The overall project design, by architect Piercy & Co, is said to draw inspiration from industrial warehouses, with exposed finishes and spacious high ceilings.

This design ethos includes the steelwork in the office block, where all of the internal columns and cellular beams, as well as soffit and services, will be left exposed to create the desired industrial-look. To this end, there is no provision for a suspended ceiling.

Lateral stability for the steel frame is provided by the building’s four reinforced concrete cores (two stair cores and two lift cores). The podium structure also acts as a diaphragm to share lateral load between the two buildings.

Overall, the steel frame is typically based around a 7.5m × 7.5m column grid pattern, with the spacing increasing to 7.5m × 9.5m adjacent to the cores. This is said to provide the scheme with the desired flexible floorplates, as there is just one internal line of columns.

All of the steel columns are positioned above a corresponding concrete member in the podium below that transfers the loads to the foundations. Steel column base plates bolt to reinforcement bars cast into the reinforced concrete columns.

The uppermost office floor is set back to form an outdoor terrace.

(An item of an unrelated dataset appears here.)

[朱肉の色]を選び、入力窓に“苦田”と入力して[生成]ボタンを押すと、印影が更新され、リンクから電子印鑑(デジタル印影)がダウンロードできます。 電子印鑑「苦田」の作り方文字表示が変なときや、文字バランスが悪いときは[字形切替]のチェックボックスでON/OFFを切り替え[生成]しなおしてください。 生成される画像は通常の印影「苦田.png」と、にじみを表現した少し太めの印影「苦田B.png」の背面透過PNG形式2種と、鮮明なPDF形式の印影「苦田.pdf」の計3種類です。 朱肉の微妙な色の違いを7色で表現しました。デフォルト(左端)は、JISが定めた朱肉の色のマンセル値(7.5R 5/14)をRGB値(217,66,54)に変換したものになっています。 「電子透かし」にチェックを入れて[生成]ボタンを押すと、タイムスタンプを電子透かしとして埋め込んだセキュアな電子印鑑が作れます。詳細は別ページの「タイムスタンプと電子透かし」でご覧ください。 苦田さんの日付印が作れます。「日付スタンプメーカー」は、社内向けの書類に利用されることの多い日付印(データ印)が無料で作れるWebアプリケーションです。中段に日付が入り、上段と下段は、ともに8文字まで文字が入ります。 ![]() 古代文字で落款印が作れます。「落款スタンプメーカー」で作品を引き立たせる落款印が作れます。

“This detail provides continuity for the vertical ties as part of the project design robustness requirements,” says Mr Clannachan.

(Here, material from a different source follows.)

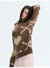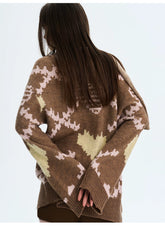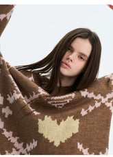 Retro Pixel Jacquard Knit Sweater & Scarf Set

The only exception to this column configuration is along the western elevation where the ground floor main entrance is positioned.

Here, one of the ground and first floor concrete columns is omitted to create a wider entrance area. However, the steel-framed part of the structure above still has a column in this area, so this member is connected to a raking section that extends from second floor up to the underside of the fourth floor. Loads that would have ordinarily gone downwards into the podium, are transferred by the raking column into the internal steelwork and then to the cores.

During the early construction sequence, a temporary ground and first floor steel column was connected to the underside of the second-floor member and stayed in place the until raking member and the majority of the upper steelwork was installed.

The western elevation also features a saw-tooth façade design, created by the steel edge beams being slightly offset between the perimeter columns, to form the architectural pattern.

Sustainability is at the heart of this project and the entire King’s Cross development. Consequently, this latest building will be connected to the onsite Energy Centre, which supplies zero carbon hot water and heating via one of the largest district heating networks in the UK.

Aiming to achieve a BREEAM ‘Excellent’ rating, Building R8 is scheduled for completion in 2024.